Dare to Be Different
Successful marketing means standing out from your competitors. Here are 4 steps to shedding your look-alike image.
Can your prospects tell the difference between your company and its closest competitors? If not, it may be time to overhaul your marketing strategy. Differentiation is at the heart of long-term marketing success, and the key to marketing strategy is originality.
Let's take a look at an old slogan. Most of us instantly recognize "Good to the last drop" as belonging to Maxwell House. This venerable slogan has been successful at differentiating the product from scores of competitors, including many that might otherwise appear virtually identical. Not only has it been hammered home year after year, but the slogan also works because it encapsulates the promise of the brand in a way that's uniquely valuable to the target audience.
Differentiation plays a key role in branding and is the foundation of a competitive advantage. And it profoundly affects your position in the minds of your prospects and customers. Effective differentiation can position you as No. 1 among your competitors--the company or brand customers turn to first--while a poor differentiation strategy can leave you buried in the middle of the pack.
Are you ready to develop your own differentiation strategy? Here are four steps to get you started.
1. Evaluate competitive messages. Your first step is to gather and evaluate the marketing materials of your chief competitors, including their ads, brochures and website content. Don't be surprised if you see a lot of "me too" marketing. There's simply a lot of bad marketing out there, and the fact that many of your competitors have no differentiation strategy will work to your advantage.
At least some of your competitors--usually the category leaders--will make promises that resonate with their target audiences.
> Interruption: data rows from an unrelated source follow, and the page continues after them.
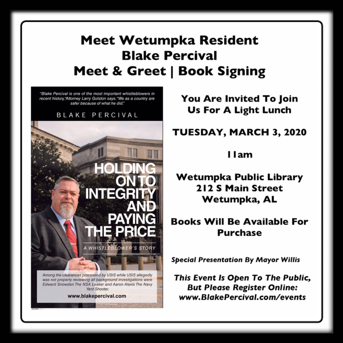 WEST POINT, GA – The former Director of Fieldwork Services for USIS and Wetumpka, Alabama resident Blake Percival, also known as the National Security Threat Whistleblower that significantly changed the manner in which background investigations are now conducted, will release his new tell all book, “Holding On To Integrity And Paying The Price – A Whistleblower’s Story” on March 2.
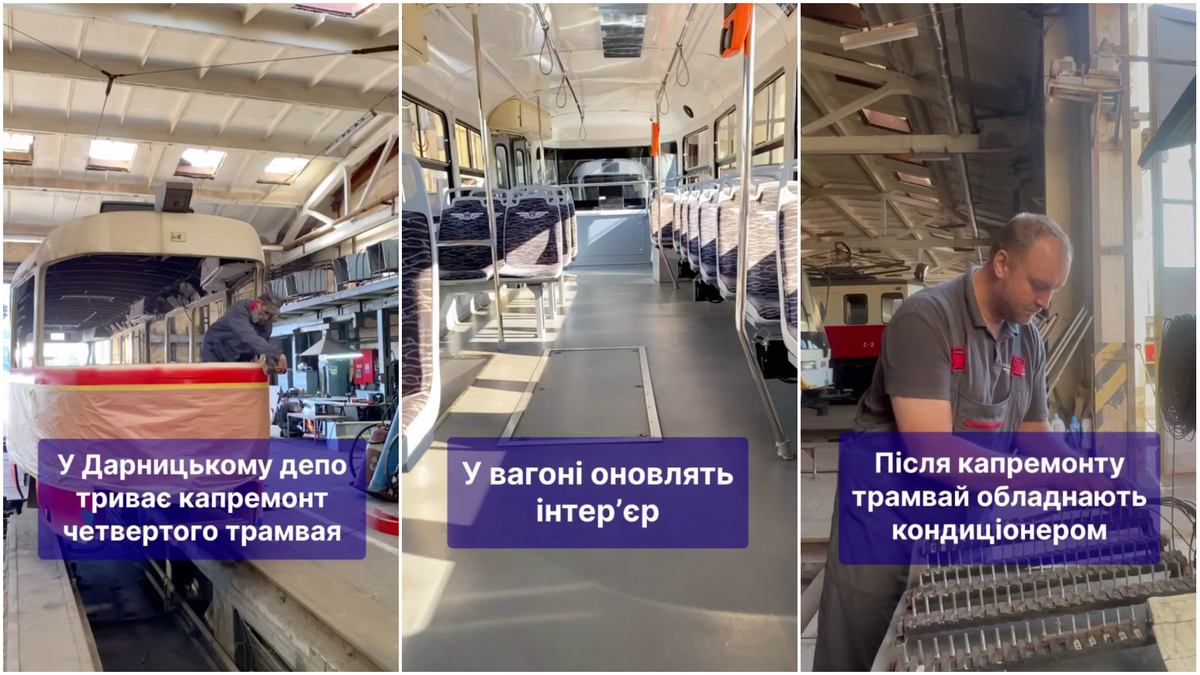 У Києві триває оновлення міського електротранспорту: у Дарницькому депо капітально ремонтують уже четвертий трамвай типу «Татра Т3» від початку року. Після відновлення вагони отримають новий салон, системи безпеки та кондиціонери. Загалом до кінця 2025 року у столиці планують оновити десять трамваїв.
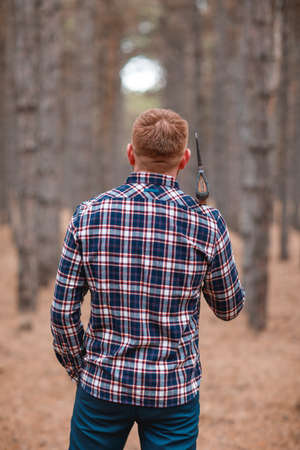 A man in a checkered shirt holds an ax on his shoulder standing with his back in the autumn forest
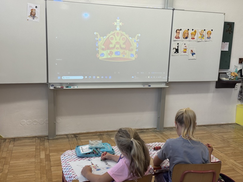 V pátek 26. září jsme si ve třídě povídali o svatém Václavovi – o tom, kdo to byl a proč je pro naši zemi důležitý. Ukázali jsme si svatováclavskou korunu, která patří mezi české korunovační klenoty, a řekli si, čím je výjimečná.

Carefully review the benefit statements your competitors make, and determine what claims set them apart.
2. Find what makes you unique. For a companywide differentiation strategy, consider what separates you from the competitors you've evaluated. Whether you market a product or operate a service business, such as an accounting firm or a power-washing company, it's essential to clearly differentiate through your marketing how what you offer is of unique value.
Your point of differentiation may relate to the way your product or service is provided, priced or even delivered. The most important thing to discover is the principal benefit you offer that is uniquely valuable to customers and gives you a competitive advantage.
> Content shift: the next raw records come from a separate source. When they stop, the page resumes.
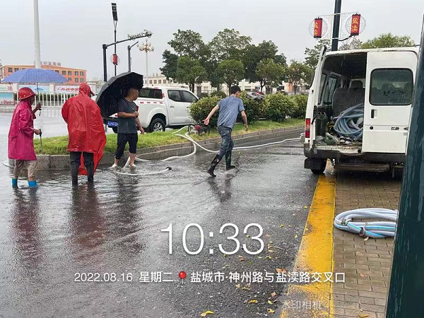 上午10點(diǎn),經(jīng)路面作業(yè)現(xiàn)場工作人員報(bào)告,在神州路與鹽瀆路交界處,最深積水達(dá)到15CM以上。應(yīng)急小分隊(duì)接到指令后,迅速駕駛車輛,運(yùn)載水泵、水管、鐵鍬等防汛物資,不到10分鐘就迅速趕到現(xiàn)場。在公司負(fù)責(zé)人劉鳳權(quán)、孫榮才等人的現(xiàn)場指揮下,搶險(xiǎn)人員立即查找造成堵塞積水的原因。經(jīng)過查找發(fā)現(xiàn),原來積水處只有一個(gè)下水道,無法快速排水。劉鳳權(quán)當(dāng)機(jī)立斷,指揮搶險(xiǎn)人員立即撬開附近窨井蓋,把水管放進(jìn)窨井,發(fā)動(dòng)水泵,往不遠(yuǎn)處的雨水井排水。這時(shí)雨越下越大,風(fēng)越刮越猛,搶險(xiǎn)隊(duì)員們冒著狂風(fēng)暴雨,不畏雷鳴電閃,齊心協(xié)力清理積水,有的發(fā)動(dòng)水泵梳理管道;有的用大掃帚清掃路面積水;有的清理積水中的垃圾雜物……隊(duì)員各司其職,分工合作,在時(shí)間緊迫、環(huán)境惡劣的情況下盡力完成排水作業(yè),經(jīng)過緊急搶排,道路恢復(fù)了通暢。
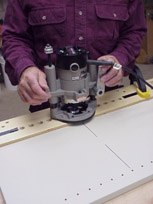 Bore holes. Move router from hole to hole being certain to allow the cutter to retract fully into the router base after each plunge.
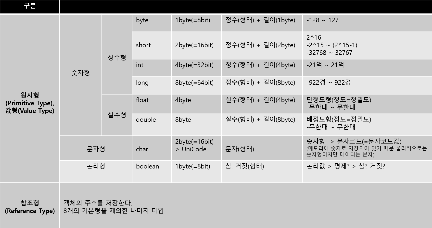 - boolean을 제외한 나머지 7개의 기본형은 서로 연산과 변환이 가능

3. Tell the world. Your next step is to create a new marketing message that communicates your product or service's unique value. This message should become the core of your entire marketing campaign. To successfully gain a competitive advantage, consistently drive this point of differentiation home until it becomes integral to your brand image.
For example, through its slogan, Maxwell House communicates that its coffee will always taste good, not bitter, down to the very bottom of the pot. When repeatedly communicated through ongoing marketing, it's this assertion about being "Good to the last drop" that differentiates the product and has helped make it successful over the years.
4. Keep your promise. Effective differentiation has everything to do with customer satisfaction, which builds loyalty and often trumps price as a primary consideration of consumers. As long as your company can sustain its ability to differentiate in a way that consistently meets consumer expectations, customers may reject lower-cost competitors in favor of what you have to offer.
The bottom line is that customers see the value of what's offered. Rather than go elsewhere for a simi-lar product or service at a lower price, they'll stay loyal because of the "intangibles." Nothing costs you customers faster than a disconnect between the promises made in marketing and the reality of customer experience with your product or brand. So for long-term success, your company or product must live up to its marketing promise.